1. Dalam modified ODI, tercantum 10 pertanyaan yang menggambarkan

kondisi disabilitas pada pasien pasien NPB. Masing-masing kondisi

memiliki nilai 0 sampai nilai 5, sehingga jumlah nilai maksimal

secara keseluruhan adalah 50 poin.

2. Jika 10 kondisi dapat diisi, maka cukup langsung menjumlah seluruh skor.

3. Jika suatu kondisi dihilangkan, maka penghitungannya adalah skor

poin total dibagi dengan jumlah kondisi yang terisi, lalu dikalikan 5.

Skor = Skor point total…………. X 100 = ……..

Jumlah kondisi yang terisi x 5

Berikut ini adalah rentang penilaian modified ODI serta klasifikasi tingkat

disabilitas yang dialami pasien:

a) Disabilitas minimal, merupakan ketidakmapuan pada tingkat minimal

yaitu dengan angka 0%-20%. Pasien dapat melakukan sebagian besar

aktifitas hidupnya. Biasanya tidak ada indikasi untuk pengobatan terlepas

dari nasihat untuk mengangkat dan duduk dengan cara yang benar agar

tidak bertambah parahnya tingkat disabilitas pasien.

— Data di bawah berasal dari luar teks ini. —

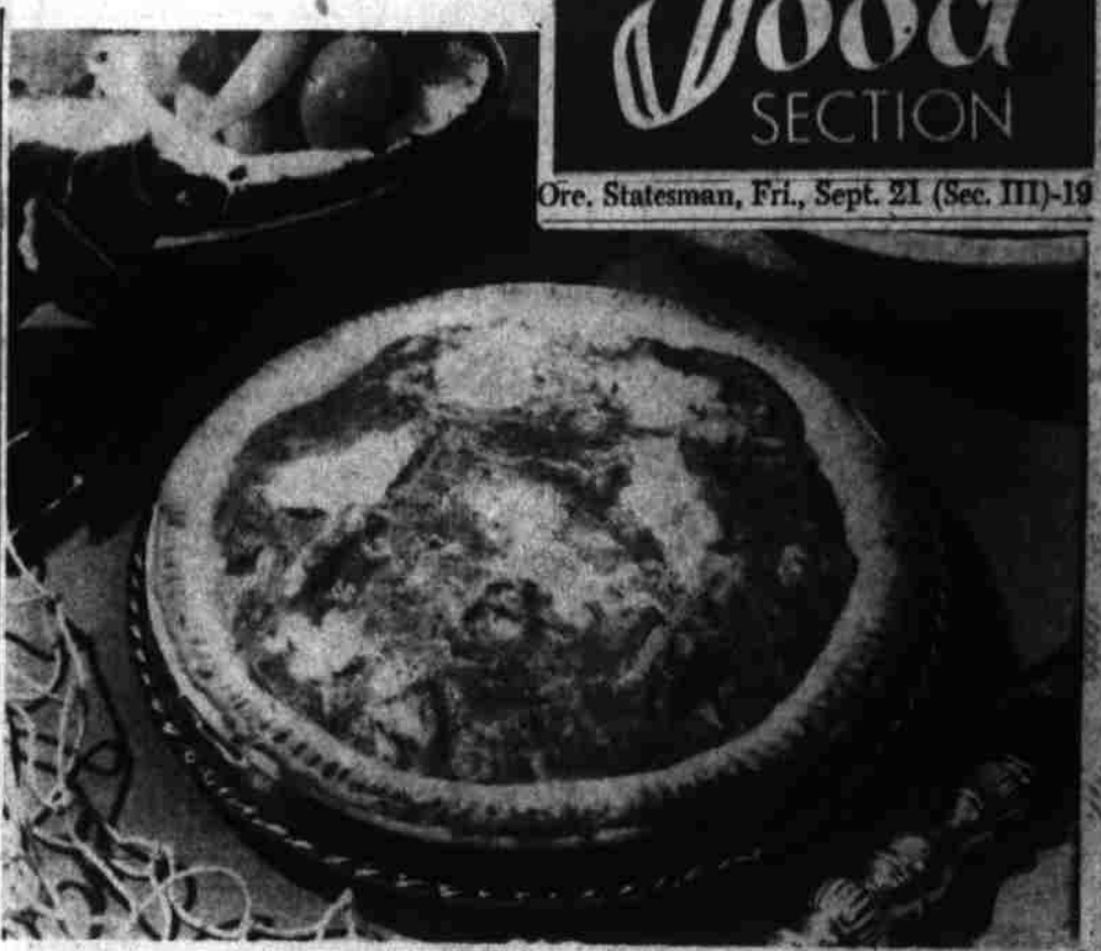
Fish fillets distinguish this main dish pie, and they gain flavor from just the right seasoning of curry. The filling is prepared about half hour before dining time and spooned into the prepared crust and baked.
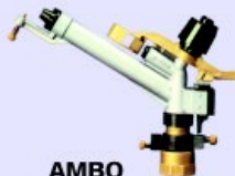
AMBO R = 20m-29m D = 76LPM-406LPM P = 2Kg.-6Kg. Size = 1 1/4" BSP
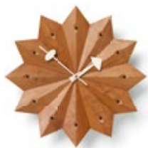
Fan Clock, cherry (USA), Ø 384
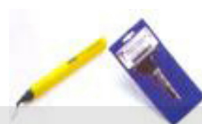
ESCAREADOR E CALIBRADOR
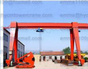
Rubber tyred gantry crane
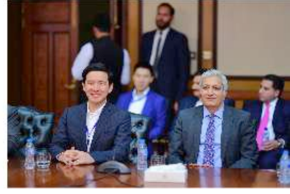
Introducing blockchain technology to Pakistan, discussing with Imran Khan, the prime minister of Pakistan, Arif Alvi, the President of the Islamic Republic of Pakistan and Khalid Maqbool Siddiqui, the Federal Minister for Information Technology of Pakistan.
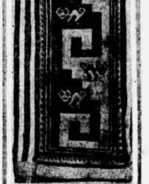
A shawl with border of wool from Peru. The figures represent the puma; above, a Peruvian loom with unfinished web; bobbins at right contain the weft yarn.
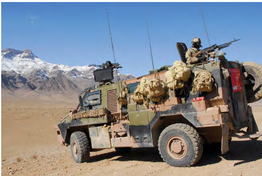
A Bushmaster from Reconstruction Task Force Three in Afghanistan's Chora region in February 2008. The Australians and a contingent from the Afghan National Army built the ANA a forward operating base.
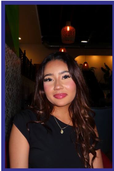
FACES Class of 2023

My experience in the Certified Nursing Assistant (CNA) program with the Nile Sisters has been truly amazing. I learned so much and now feel a step closer to achieving my goal of becoming a nurse. I am deeply grateful to FACES for the Future San Diego and Rady Children's Hospital for awarding me the scholarship that made this possible. This opportunity has been life-changing, and I will forever be thankful for the chance to advance my career in healthcare.
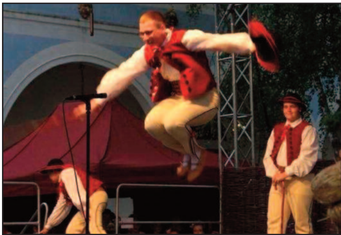
Scenes from PRCUA Gwiazda Dancers' visit to Poland last summer.
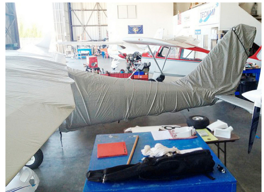
Tecnam Twin Wing & Empennage Covers

b) Disabilitas sedang, merupakan ketidakmampuan pada tingkat sedang yaitu

dengan angka 21%-40%. Pasien merasa lebih sakit dan mengalami

kesulitan dalam melakukan aktifitas duduk, mengangkat, dan berdiri.

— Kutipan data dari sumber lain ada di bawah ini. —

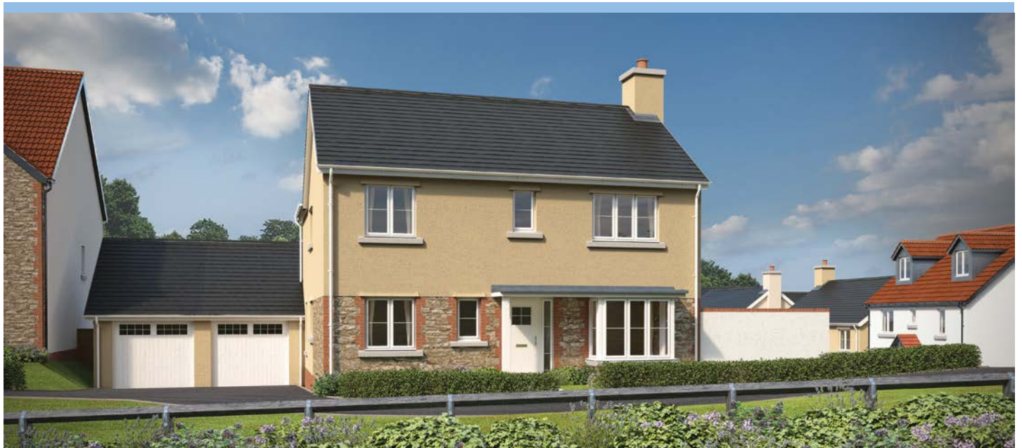
Typical CGI, not site specific.
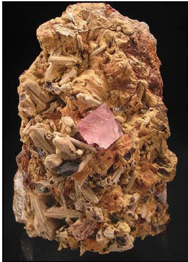
Fluorite with genthelvite crystals, 17.4 cm matrix, from the Huanggangliang mine, Chifeng, Inner Mongolia Autonomous Region, China. Khyber Minerals specimen and photo.
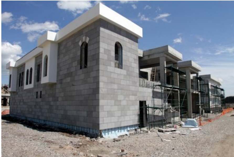
Photo 26: In spite of the stipulation by the conservation Plan, that concrete houses with a deceptive thin stone facing are not to be allowed, the picture shows new reinforced concrete houses coated with basaltic slabs.
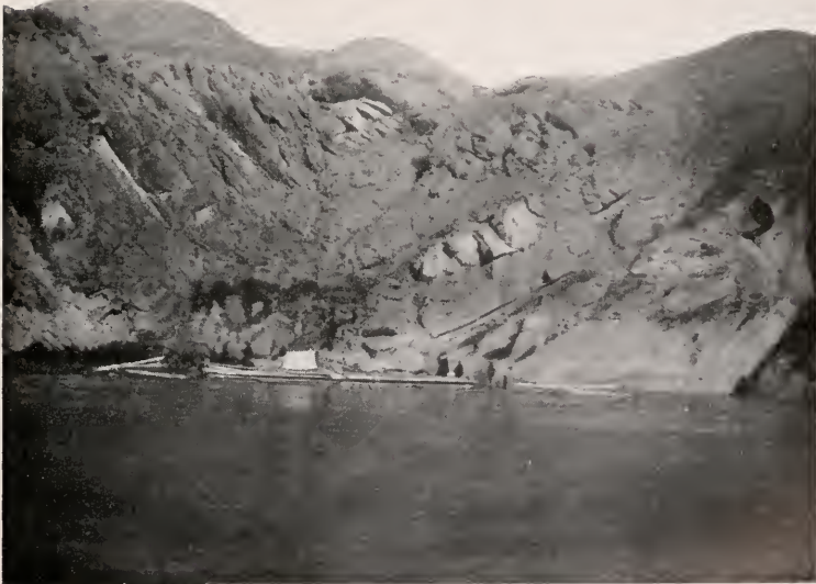
RAFTING DOWN THE GORGES OF THE UPPER YELLOW RIVER

Untuk berpergian dan kehidupan sosial akan lebih dihindari. Sedangkan

untuk perawatan pribadi dan tidur tidak terlalu terpengaruh.


58

c) Disabilitas parah, merupakan ketidakmampuan pada tingkat yang parah,

yaitu dengan angka 41%-60%. Rasa sakit dan nyeri tetap menjadi

masalah utamanya sehingga mengganggu aktifitas sehari-hari.

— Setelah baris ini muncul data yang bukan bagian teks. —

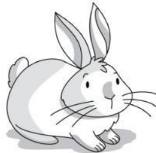
Rob the Rabbit
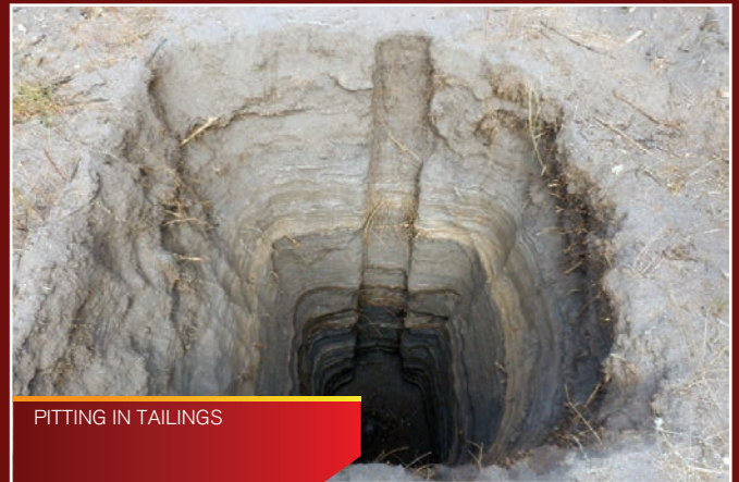
PITTING IN TAILINGS
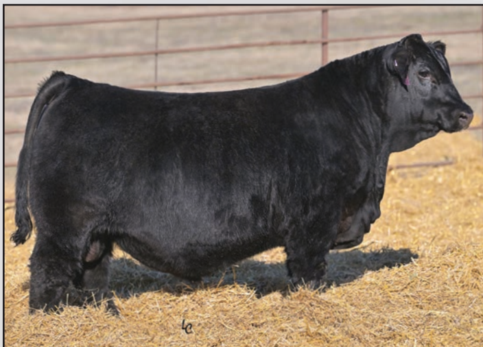
Lot 2, Ellingson Prolific 3091.
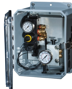
TDB Series Dump Box Control System

Flow Products is your local authorized distributor and application specialist for all your hydraulic and pneumatic product and control system needs. Call us for additional information, technical training requirements and product application reviews.
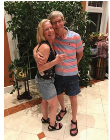
Our gracious hosts!
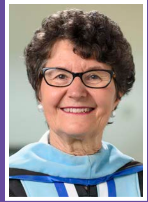
Message from the President of Three Rivers Community College
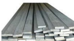
Industrial Mild Steel Flat Bar
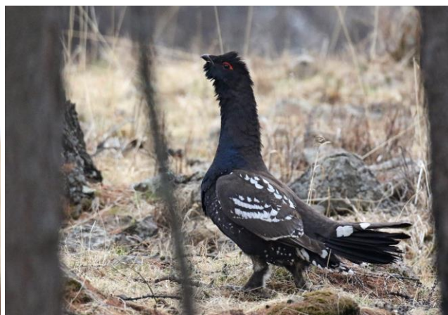
Male Black-billed Capercaillie in Terelj National Park

After seeing one of the most sought-after birds without much effort, we had short walks around the camp site until lunch. After lunch, we explored the forest and saw Olive-backed Pipit, Pine Bunting, Orange-flanked Bluetail, Willow Tit, Great Spotted Woodpecker, Three-toed Woodpecker, Eastern Buzzard, Black Kite, Rook and Common Raven during our walks. We encountered a few more male Black-billed Capercaillies as well. Just before sunset, a single male Black-billed Capercaillie posed on a tree before moving to its roosting spot.
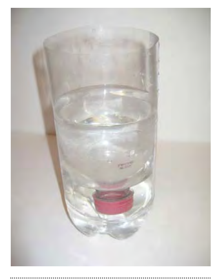
2 liter bottle, bottom half filled with hot tap water and top half inverted and filled with tank water.

Step 4: Add Eggs. Add about 1/8 - 1/4 tsp. of decapsulated eggs to the water. These can be either purchased or you can decapsulate them yourself.
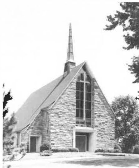
Church of the Transfiguration Silver Spring, Md.
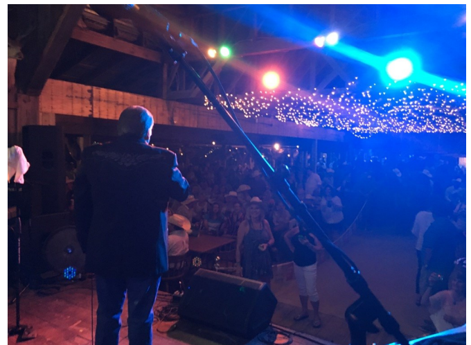
It was a full house at the Freiheit Country Store in New Braunfels, Texas!
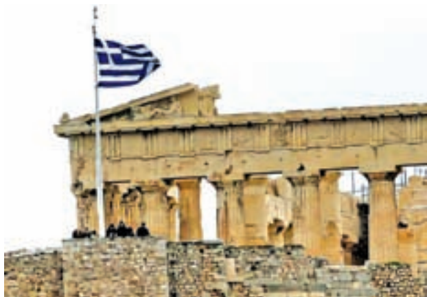
Tourists stand near the temple of Parthenon atop the ancient site of the Athens Acropolis on a cold and windy day on 30 Jan, 2015.

PARIS/ATHENS, 2 Feb — Greece’s leftist government began its drive to persuade a sceptical Europe to accept a new debt agreement on Sunday while it starts to roll back on austerity measures imposed under its existing bailout agreement.

d) Disabilitas sangat parah, merupakan ketidakmampuan yang sangat-parah

dengan angka 61%-80%, sehingga sangat mengganggu seluruh aspek

kehidupan pasien.

e) Angka tertinggi untuk tingkat keparahan disabilitas adalah 81%-100%,

dimana pasien tidak dapat melakukan aktifitas sama sekali dan hanya

tergolek ditempat tidur (Wahyuddin, 2016).